In contrast, when we next examined the contribution of glutamine catabolism toward nucleotide production, we found reduced 13C labeling in both thymidine diphosphate (dTDP) and deoxyguanosine diphosphate (dGDP) (Fig. 5E–F). To understand this difference, we then examined the intermediate stages of nucleotide synthesis. Aspartate supplies the backbone of pyrimidine rings during de novo synthesis, and strikingly, 13C enrichment was significantly increased in fully labeled (M+4) aspartate in the RBF1-deficient animals (Fig. 5G). In agreement with the analysis of the metabolite pools (Fig. 4B,I), we saw an increase in fully labeled (M+4) OAA in RBF1-deficient larvae when compared with control larvae (Fig. 5G). However, the increased flow of glutamine to aspartate was specific, as we found reduced labeling in both M+4 citrate and M+3 pyruvate (Fig. 5H). This suggests that the flow of glutaminolysis to aspartate is via the TCA cycle/malate–aspartate shuttle. Also, because M+3 pyruvate would be generated by malic enzyme to produce NADPH, these data suggest that malic enzyme activity may be reduced in RBF1-depleted animals.

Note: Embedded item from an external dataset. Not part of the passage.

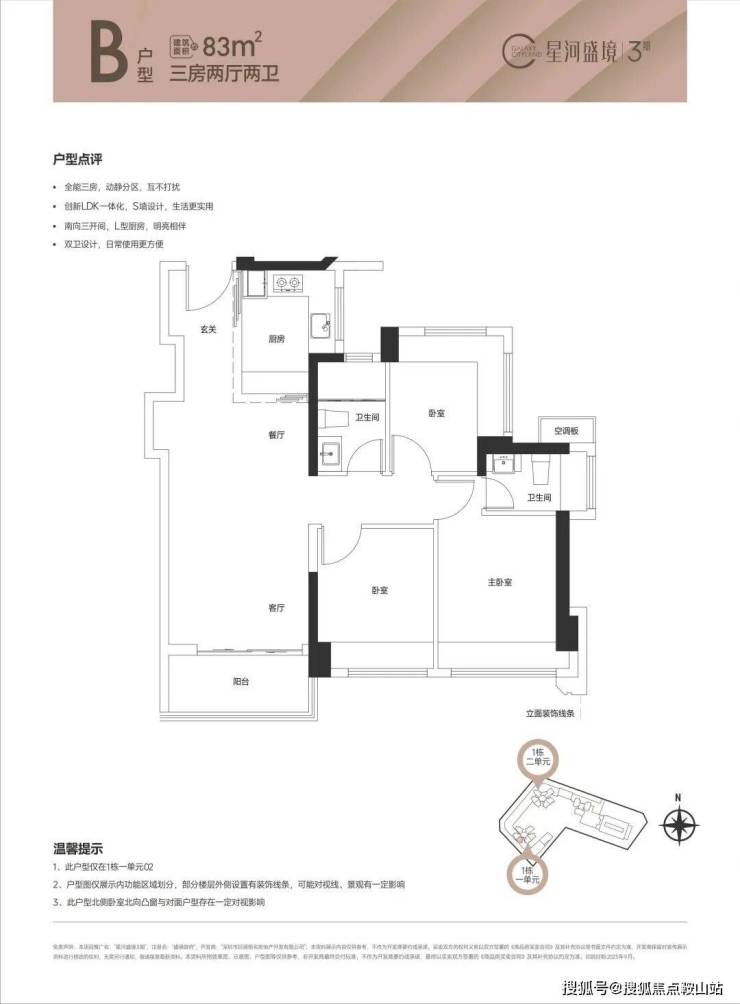 83㎡的3房2厅2卫(1栋1单元01/02户型),设计的是竖厅格局,创新LDK一体化餐客厅,S墙设计预留冰箱位,三开间朝南,次卧270度环幕设计,U型厨房,卫生间干湿分离,得房率80.07%(不含赠送),全部西南朝向。

When we followed the fate of the glutamine-derived aspartate through pyrimidine ring synthesis, we saw little or no change across genotypes in carbamoyl aspartate (Supplemental Fig. 3C), the initial product formed in pyrimidine synthesis derived from aspartate. However, the RBF1-depleted animals had reduced labeling in cytodine diphosphate (CDP) (Fig. 5I). CDP is synthesized from cytodine triphosphate (CTP) and represents activity from the last committed step in pyrimidine synthesis (Fig. 3A). CTP is generated by the addition of an amino group, donated by glutamine, to UTP. It is likely, therefore, that the reduced labeling in CDP as well as dTDP and dGDP in these experiments (Fig. 5) is due to insufficient levels of glutamine rather than a general aversion of de novo synthesis.

Glutamine appears to be a precious commodity in RBF1-depleted larvae, and these experiments reveal how it is used in animals where a limited quantity is sufficient to promote survival. In this context, glutamine flows preferentially toward production of GSH rather than toward synthesis of dNTPs.

Oxidative stress promotes DNA damage and apoptosis in RBF1-depleted tissue

Although RBF1-depleted larvae likely have an increased requirement for reducing potential in protein thiol-disulfide reactions for nucleotide synthesis, the 13C-labeling experiments suggest that the synthesis of GSH for protection against oxidative stress is the highest priority. If this interpretation is correct, then RBF1-deficient larvae would be predicted to be highly sensitive to oxidative stress, and decreased oxidative stress might rescue the sensitivity of RBF1-deficient larvae to fasting. Moreover, if RBF1-depleted cells drive glutamate toward glutathione synthesis, then the lower availability of glutamate for nucleotide production might lead to replication errors and elevated DNA damage.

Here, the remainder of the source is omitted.